== Segment start ==
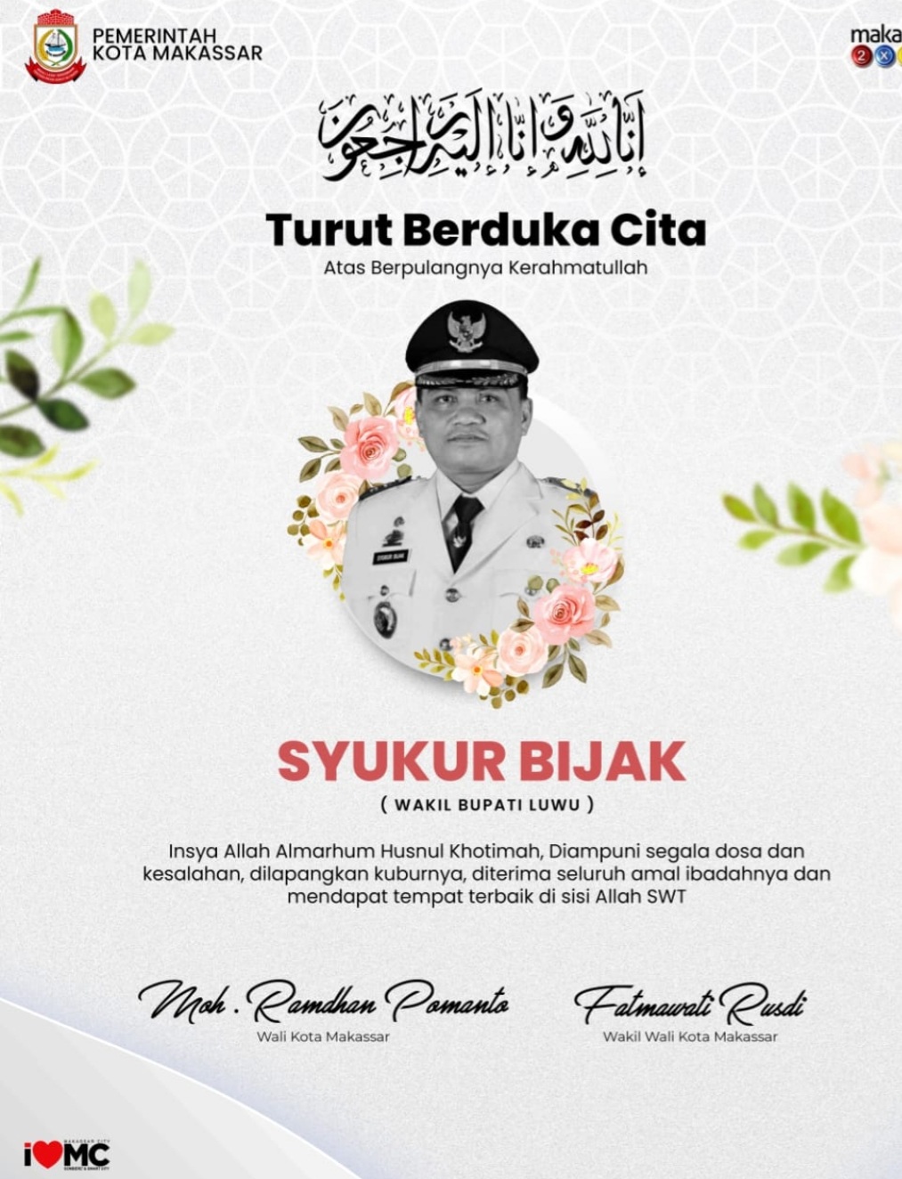 BN Online, Makassar-–Wali Kota Makassar Moh Ramdhan Pomanto mewakili Pemkot Makassar dan masyarakat Kota Makassar menyampaikan rasa duka yang mendalam atas meninggalnya Wakil Bupati Luwu, Syukur Bijak.
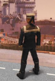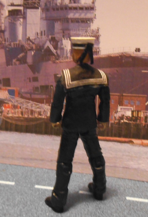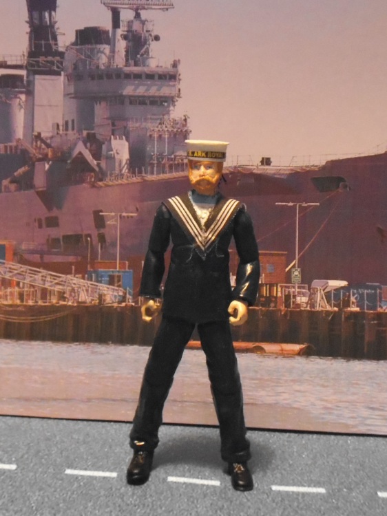 This is a figure I have had planned for quite a while. With my father having been an engineering officer in the Merchant Nay and Royal Navy reserve, this one was a must-do. It is based on the 'square-rig' uniform that was introduced by the Royal Navy in the 19th century. Plaitoy issued 5 different cap bands: HMS Victory, HMS Ark Royal, HMS Fearless, HMS Dreadnought and HMS Raleigh. I have gone with HMS Ark Royal, the ship responsible for damaging and disabling the Bismark. The uniform colour is atually dark blue. Doesn't show up too well in the photos.
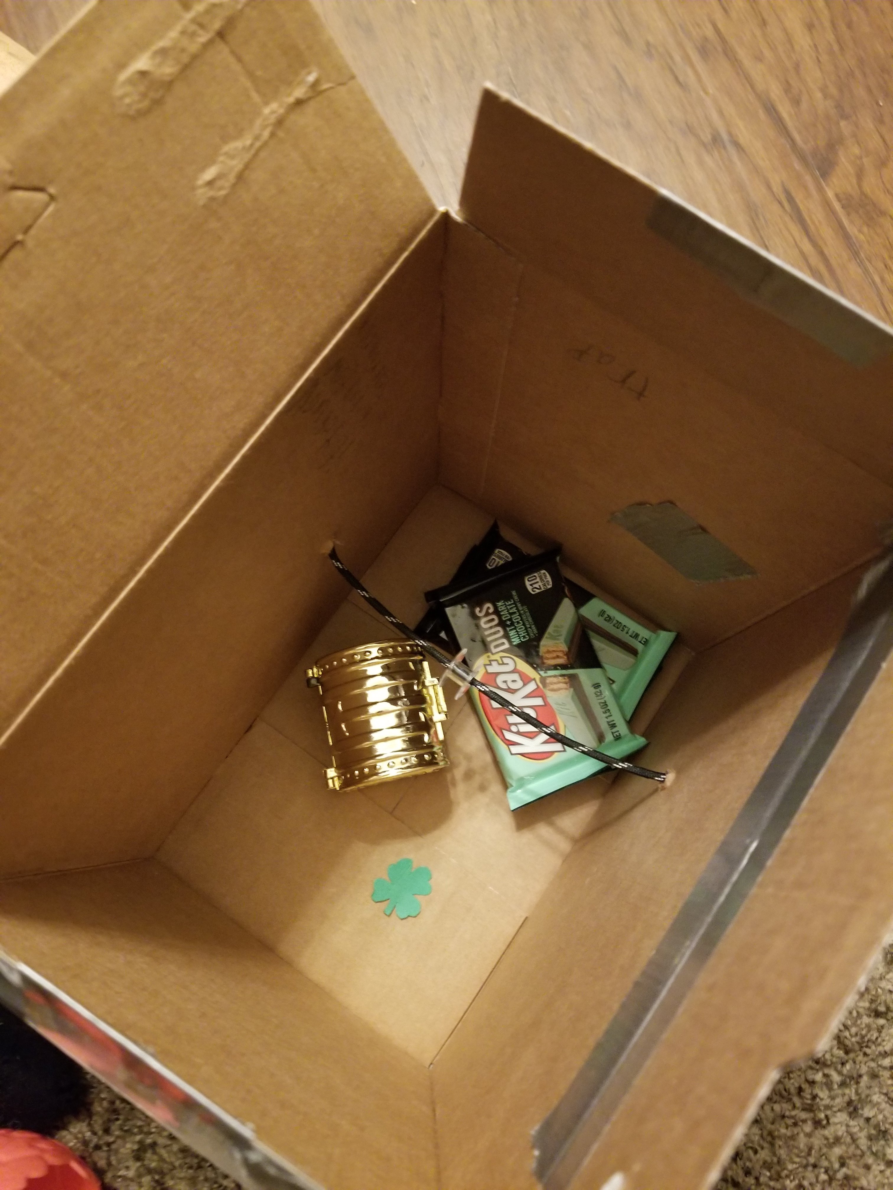 The kids like to try and catch Leprechauns each year on St. Patrick’s Day. This year, they set out the traps they worked on earlier today. This is what they came up with:
== Segment end ==
## Task details
The expected output is every line of the data, unchanged, with the pictures skipped.

## Solution
 BN Online, Makassar-–Wali Kota Makassar Moh Ramdhan Pomanto mewakili Pemkot Makassar dan masyarakat Kota Makassar menyampaikan rasa duka yang mendalam atas meninggalnya Wakil Bupati Luwu, Syukur Bijak.
 This is a figure I have had planned for quite a while. With my father having been an engineering officer in the Merchant Nay and Royal Navy reserve, this one was a must-do. It is based on the 'square-rig' uniform that was introduced by the Royal Navy in the 19th century. Plaitoy issued 5 different cap bands: HMS Victory, HMS Ark Royal, HMS Fearless, HMS Dreadnought and HMS Raleigh. I have gone with HMS Ark Royal, the ship responsible for damaging and disabling the Bismark. The uniform colour is atually dark blue. Doesn't show up too well in the photos.
 The kids like to try and catch Leprechauns each year on St. Patrick’s Day. This year, they set out the traps they worked on earlier today. This is what they came up with:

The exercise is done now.